Transformer operation at deep saturation: Model and parameters determination

This paper proposes a model that adequately describes the operation of the transformer at deep saturation, suitable for power electronics applications, and a method for determining its parameters. Simulation and experimental results are presented to confirm the validity of the model and of the method.

Design criteria for current loop controllers — Continuous time analysis

This work analyzes the proportional (P) and the proportional-integral (PI) control strategies of current loop controllers applied to pulse width modulated (PWM) power converters. Maximum and minimum gain limits are established for both cases based on the converter per-unit (pu) values. The drawbacks of each controller, for the operation in continuous time domain, are also evaluated.
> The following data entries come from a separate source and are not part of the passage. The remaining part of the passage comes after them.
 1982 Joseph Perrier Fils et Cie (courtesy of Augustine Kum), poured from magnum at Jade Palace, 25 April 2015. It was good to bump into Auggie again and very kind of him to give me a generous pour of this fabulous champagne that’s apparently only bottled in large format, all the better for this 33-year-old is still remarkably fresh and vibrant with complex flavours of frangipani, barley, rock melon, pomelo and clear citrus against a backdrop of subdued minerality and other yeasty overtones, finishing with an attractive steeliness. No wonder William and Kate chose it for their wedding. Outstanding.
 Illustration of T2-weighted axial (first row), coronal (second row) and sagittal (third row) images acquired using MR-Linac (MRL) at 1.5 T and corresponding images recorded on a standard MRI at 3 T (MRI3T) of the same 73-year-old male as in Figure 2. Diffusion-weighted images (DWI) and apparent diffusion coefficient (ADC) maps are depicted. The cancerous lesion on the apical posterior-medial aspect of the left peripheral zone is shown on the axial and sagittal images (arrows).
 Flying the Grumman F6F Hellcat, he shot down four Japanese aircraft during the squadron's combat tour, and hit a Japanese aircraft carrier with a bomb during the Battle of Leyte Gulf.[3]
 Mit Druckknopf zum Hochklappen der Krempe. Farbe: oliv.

Robust control design for the voltage tracking loop of a DVR

The Dynamic Voltage Restorer (DVR) is a solution for protection of sensitive loads from voltage sags and swells. Its basic function is to inject voltages in the grid line in order to mitigate voltage sags and/or swells. Typically the controller structure for a DVR is composed by an inner current loop and an outer voltage loop. Usually a proportional or proportional integral controller is used for the current loop and a resonant controller is used for the voltage loop. This paper presents the design of a robust controller for the voltage tracking loop of a DVR that guaranties the robust stability against load parameters variation, and assures the tracking of a sinusoidal voltage waveform and the rejection of the non linear load current influence with a pre specified error. The voltage controller design is based on H8 parameter specification approach. All the performance and robustness requirements are specified and analyzed based on the frequency response plot of closed loop transfer function. The proposed controller performance is validated by using PSIM software simulation and by experiments carried out on a DVR.
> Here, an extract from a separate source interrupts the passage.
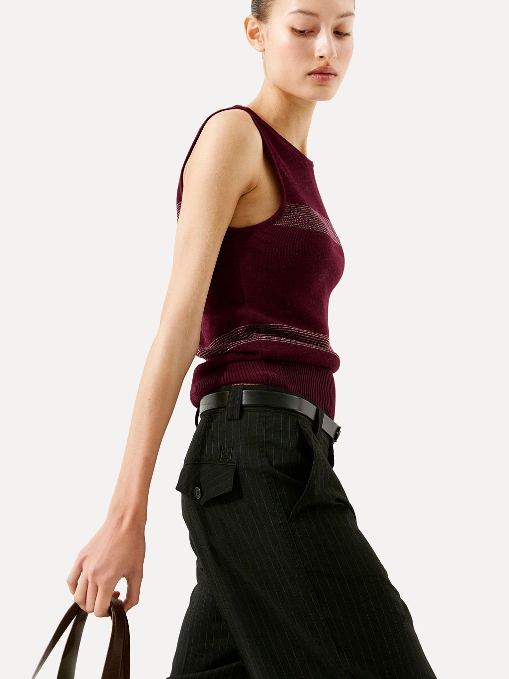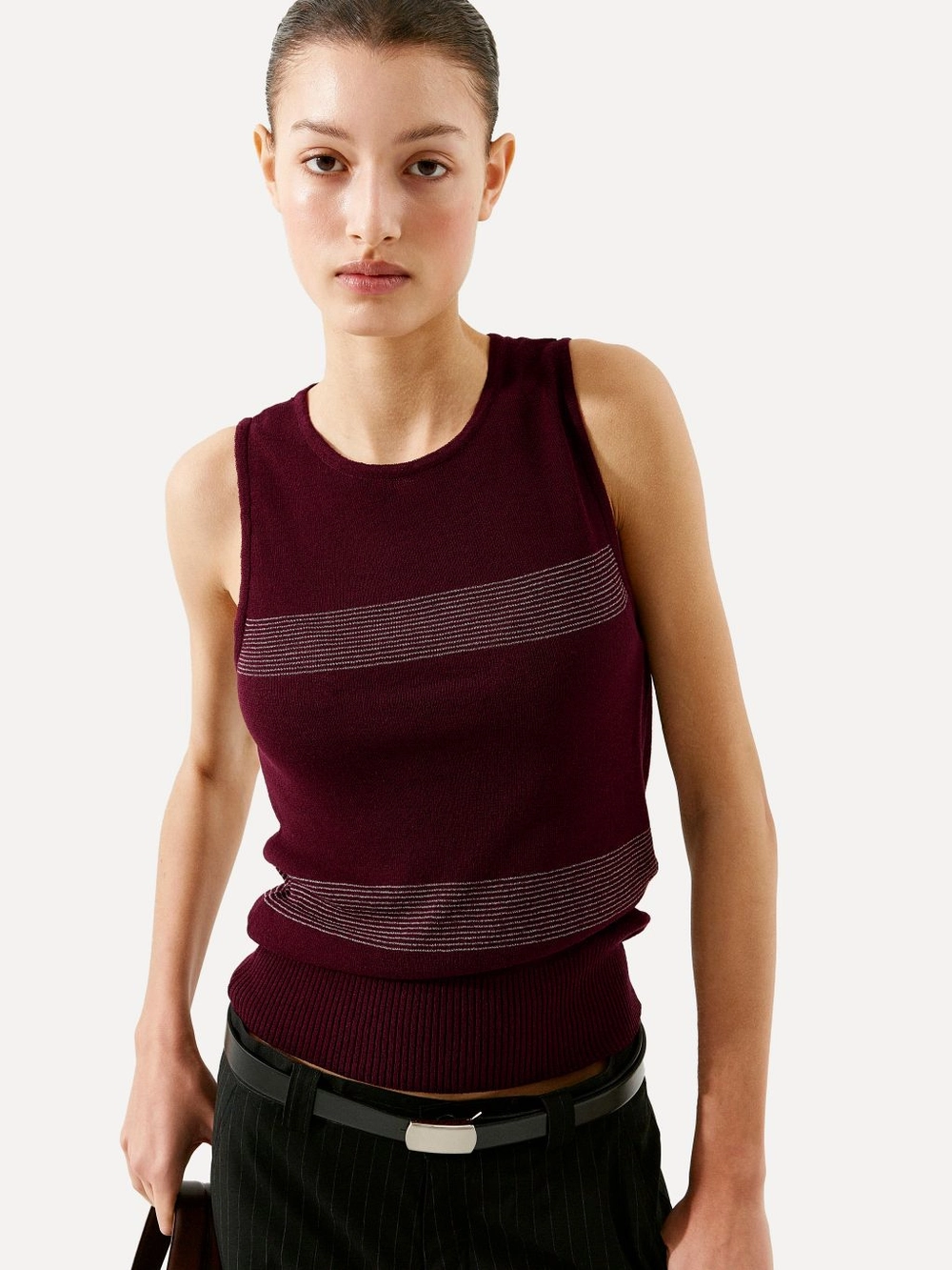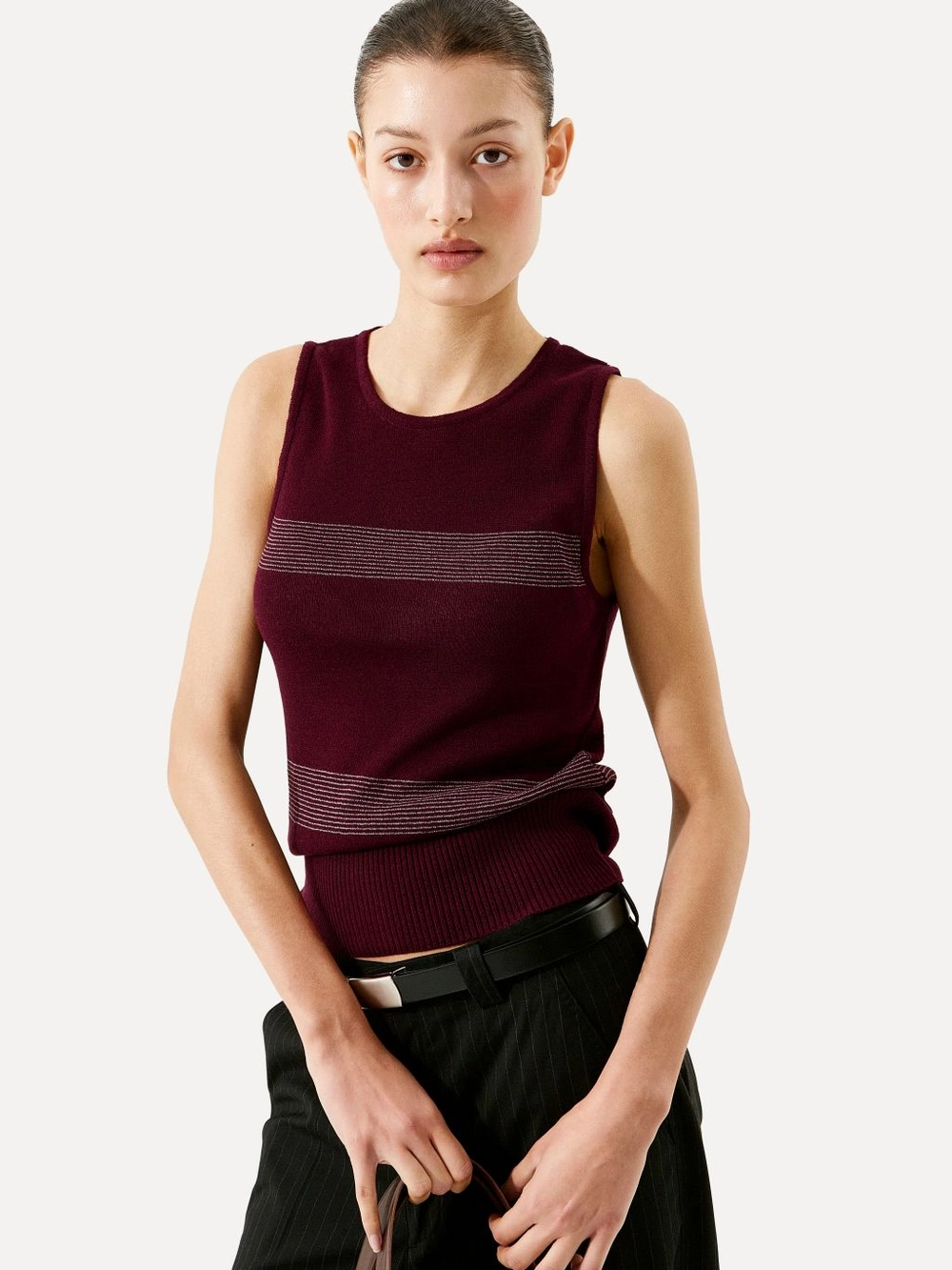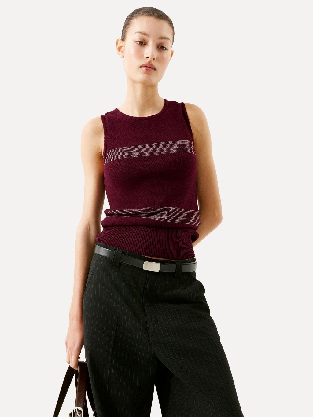 Greer pinstripe knit vest burgundy

Optimized tuning method of stationary frame Proportional Resonant current controllers

This paper presents an optimized tuning method of Proportional Resonant (PR) current controllers implemented in the stationary frame. The approach consists of defining three operation regions based on behavior of the closed loop poles, and of determining simplified tracking and disturbance transfer functions for each of these regions. Charts of proportional and resonant normalized gains versus settling time and overshoot are then built, allowing the designer to easily visualize the influence of these gains on the transient response. It is shown that the disturbance response performance is more significant than the tracking one, and that minimum settling time and overshoot for this case are obtained if the resonant gain is set equal to the controller resonant frequency, providing a simple and efficient rule-of-thumb for the designer. Simulation and experimental results are presented to validate the method.

Disturbance calculation based on space vector dot product: Applications to compensators

The ability to individually extract the many disturbances of the AC line currents or voltages is desirable for reference signal calculation algorithms employed in power conditioners, allowing improved utilization of the power converter. This paper proposes a novel algorithm based on the dot product of three dimensional space vectors in the abc coordinate system, for real time calculation of the instantaneous positive, negative and zero sequence components for each individual harmonic. It is presented the functionalities for compensating fundamental reactive power, selected current harmonics and current unbalances. This method is computationally simple and requires no coordinate transformation. The proposed algorithms are validated by simulation and experiments.